Dziennik budowy - "Manuela"
16.07.2004 Odbyłem dziś rozmowę z potencjalnym kierownikiem budowy (inspektor nadzoru inwestorskiego). W porównaniu z architektem adaptującym mój projekt jest droższy o 100PLN, ale jest znany w starostwie i Nadzorze Budowlanym. Gość trochę starej daty, więc boję się że nie jest zbyt obeznany z nowymi technologiami. Z drugiej strony on odpowiada przede wszystkim za konstrukcję – trudno, żeby miał w jednym palcu np. instalacje grzewcze ze wszystkimi ich bajerami.
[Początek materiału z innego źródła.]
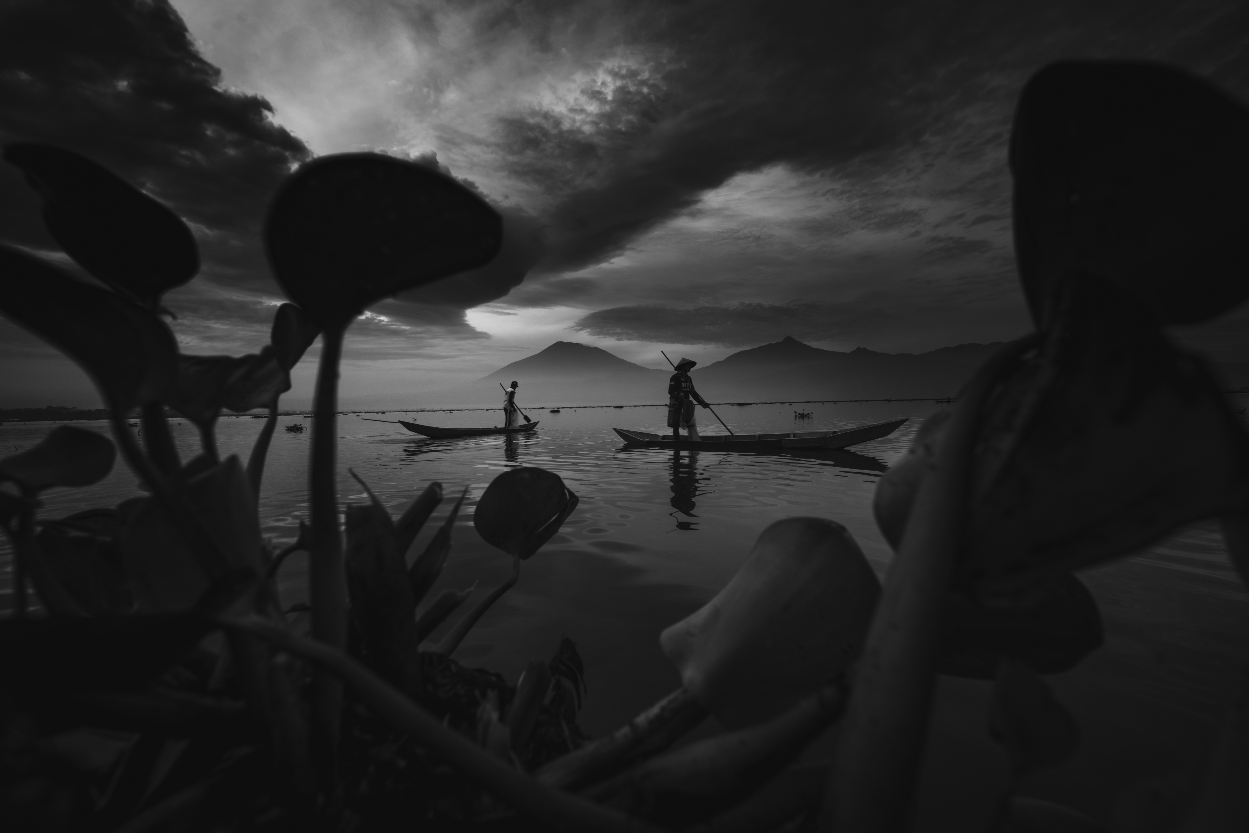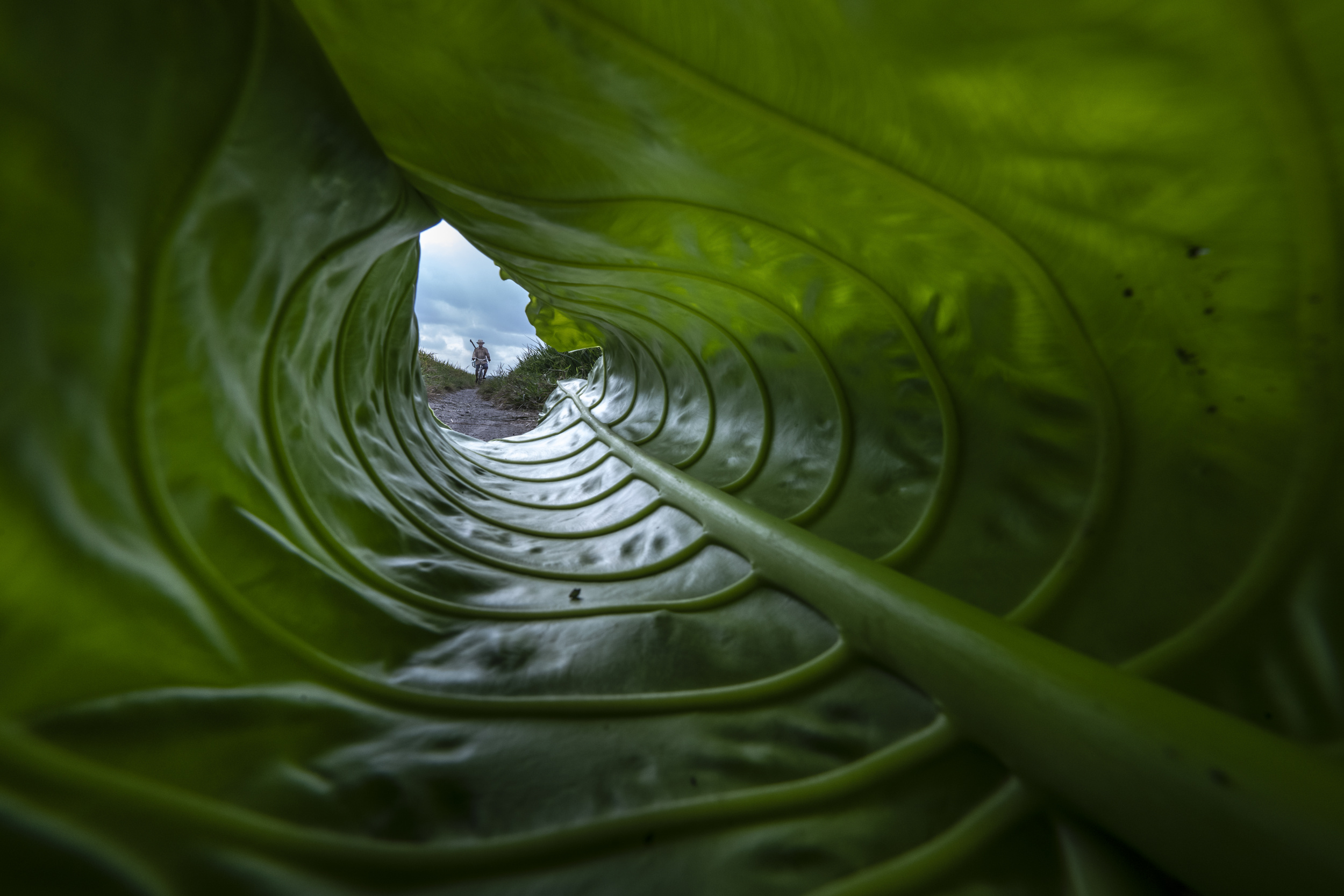 I took the photo while I drove along the riverside. It's wasn't easy to wait for the best moment. There were people cycling and I found taro leaves not far from this place. Suddenly I got an idea to draw the focus to the subject in the photo by blocking other parts of the image with a taro leaf. Shooting from that position with this framing made me feel happy. The position of the people in the picture almost came out perfectly well. It’s looks like a leaf cave.
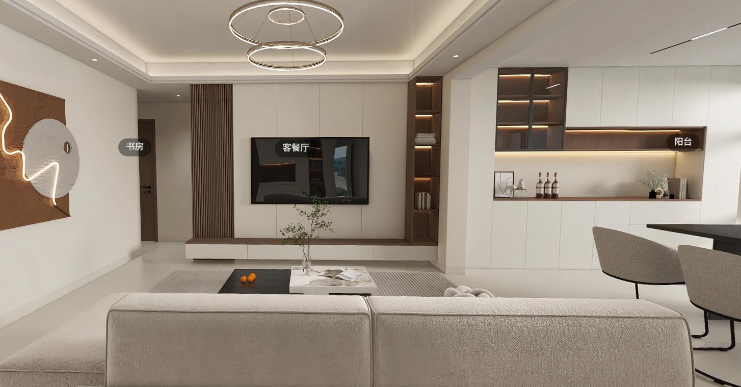 【案例一】业主李先生是曲靖一位中学语文教师,对中国传统文化情有独钟,但又担心传统中式过于厚重沉闷。他希望新家既有书卷气,又能满足年轻家人的现代生活需求。云南合四方装饰设计工程有限公司的设计师为其打造了新中式风格的装修。主色调采用柚木色(家具、墙板),点缀色为天蓝色(窗帘、单人椅、装饰画),基底色是米白色(墙面、地砖)。设计师将客厅与景观阳台打通,扩大了整体空间感。家具线条简洁流畅,摒弃了繁复雕花,以柚木色突出沉稳气质,天蓝色软装则为空间注入了灵动与跳跃感,避免了中式家具可能带来的沉闷。餐厅背景墙以简单的圆形水墨装饰画点缀,寓意“圆满”与“喜上眉梢”。卧室则根据居住者不同调整配色——主卧以灰色调营造静谧感,长辈房保留古朴典雅格调。李先生评价道:“一开始担心新中式装出来会不会像老茶馆,但合四方的设计师真的懂我!柚木色很大气,那天蓝色一搭进去,整个家都活起来了。现在每天回家,坐在客厅泡杯茶,看着阳光透过阳台照进来,感觉特别安心。朋友们来都说我家像艺术馆,特别有文化味儿,感谢合四方帮我圆了这个梦!”
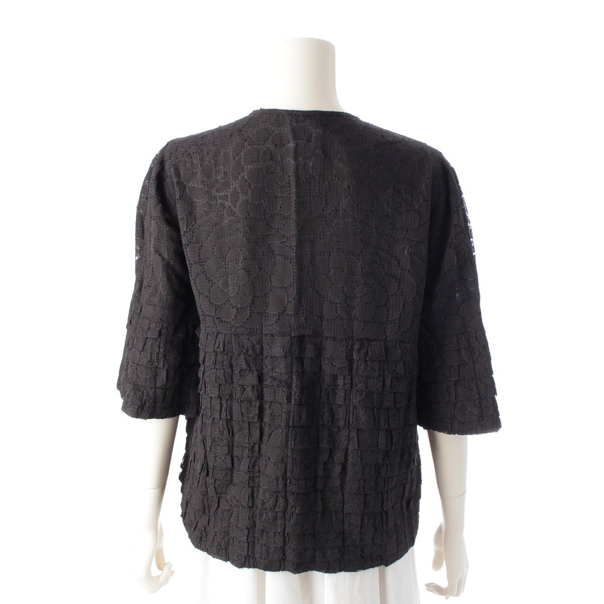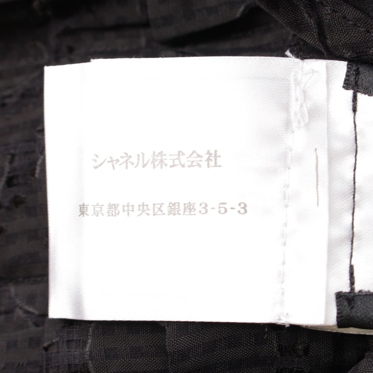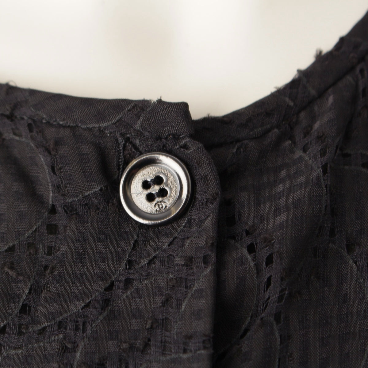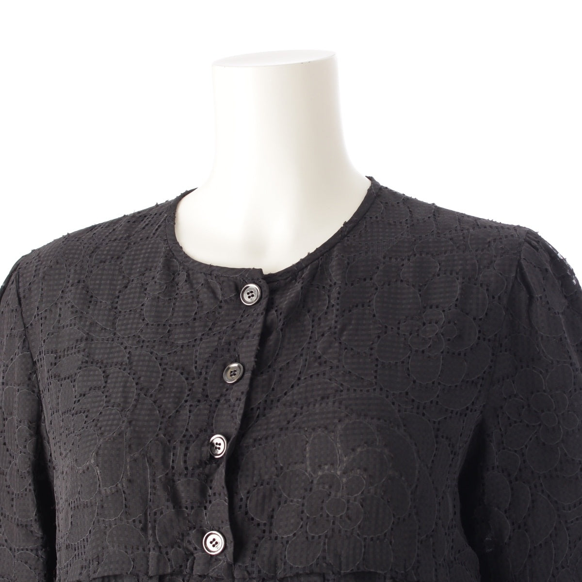 CHANEL Silk Kun Camellia lace no collar Short sleeve shirt tops P44927 black 38
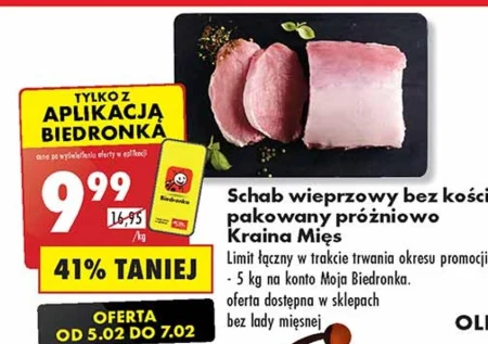 Schab wieprzowy bez kości pakowany próżniowo Kraina Mięs Limit łączny w trakcie trwania okresu promocji - 5 kg na konto Moja Biedronka. oferta dostępna w sklepach bez lady mięsnej
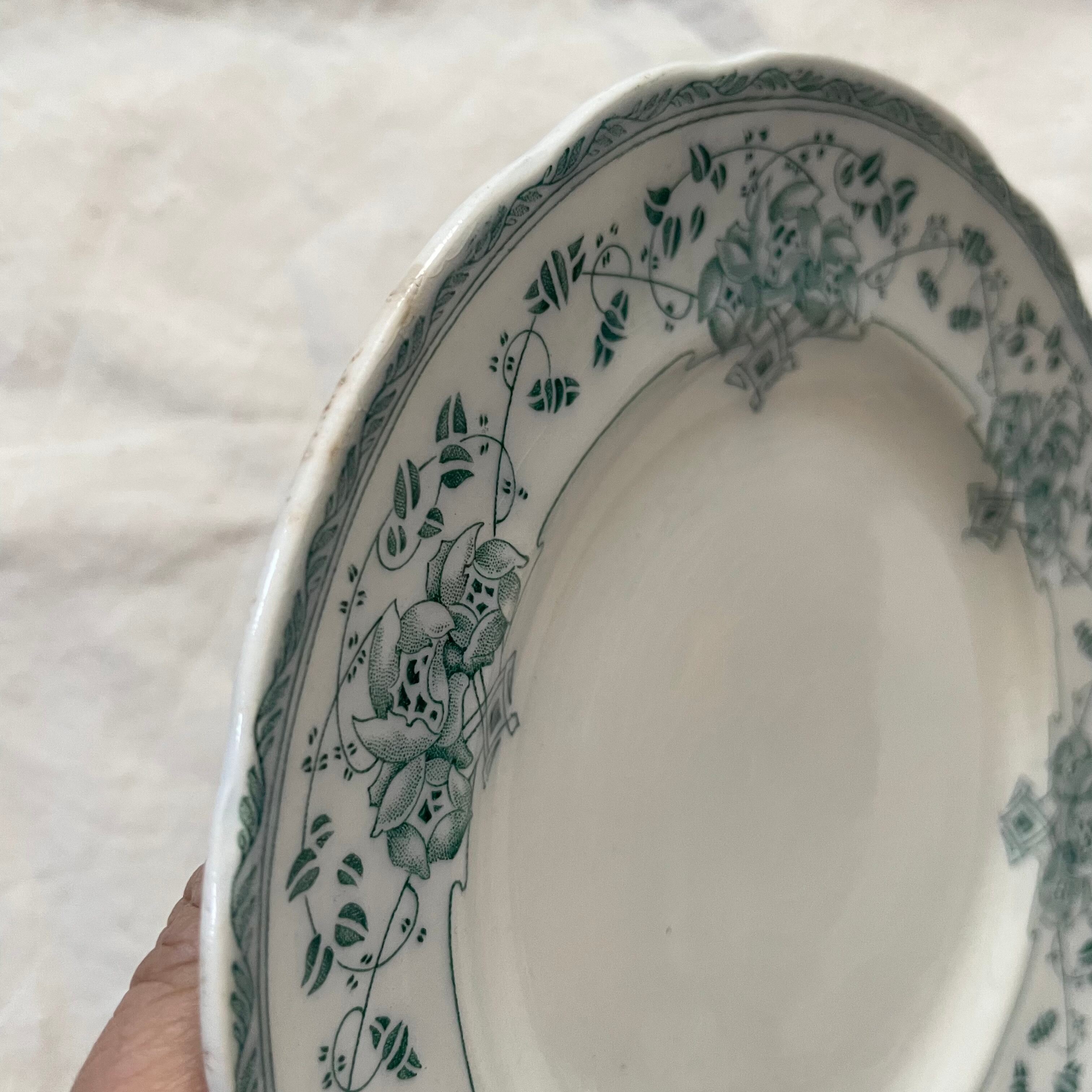 80~100年前くらいのケーキ皿は、絶妙なグリーンの色合いと繊細な模様が素敵です。
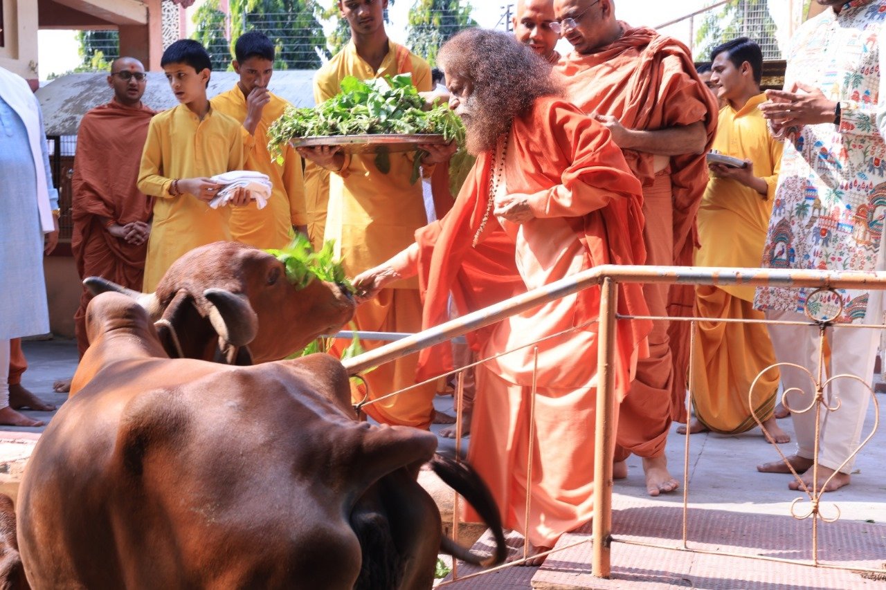 पूज्य स्वामी जी, पूज्य साध्वी जी और पूज्य संतों ने किया गौपूजन*
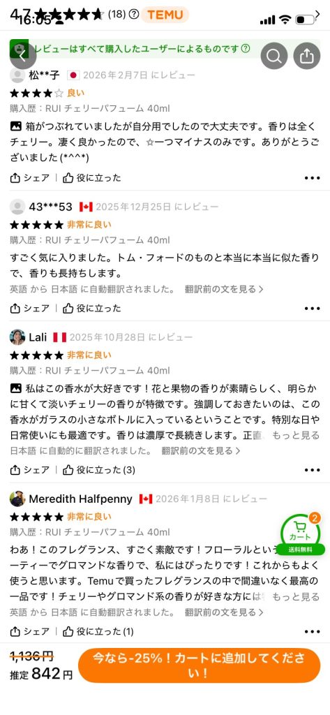 口コミをチェックしてみると、「トムフォードのロストチェリーと香りが似てる」という書き込みが想像以上に多かったんです。👇temuの口コミをご覧ください。

Wstępnie jestem na niego zdecydowany tym bardziej, że wszyscy bardzo pochlebnie się o nim wypowiadają. Dodatkowo okazało się, że projekt Manueli ma dobrze opanowany, bo niedawno nadzorował budowę Manueli gdzieś w okolicy.
Próbowałem dziś po raz kolejny uzyskać jakieś konkretne informacje w urzędzie skarbowym – niestety nic nowego: proszę złożyć zapytanie w ciągu miesiąca odpowiemy. Może faktycznie to jest metoda. Jestem jutro umówiony ze znajomą księgową – może ona powie mi coś ciekawego.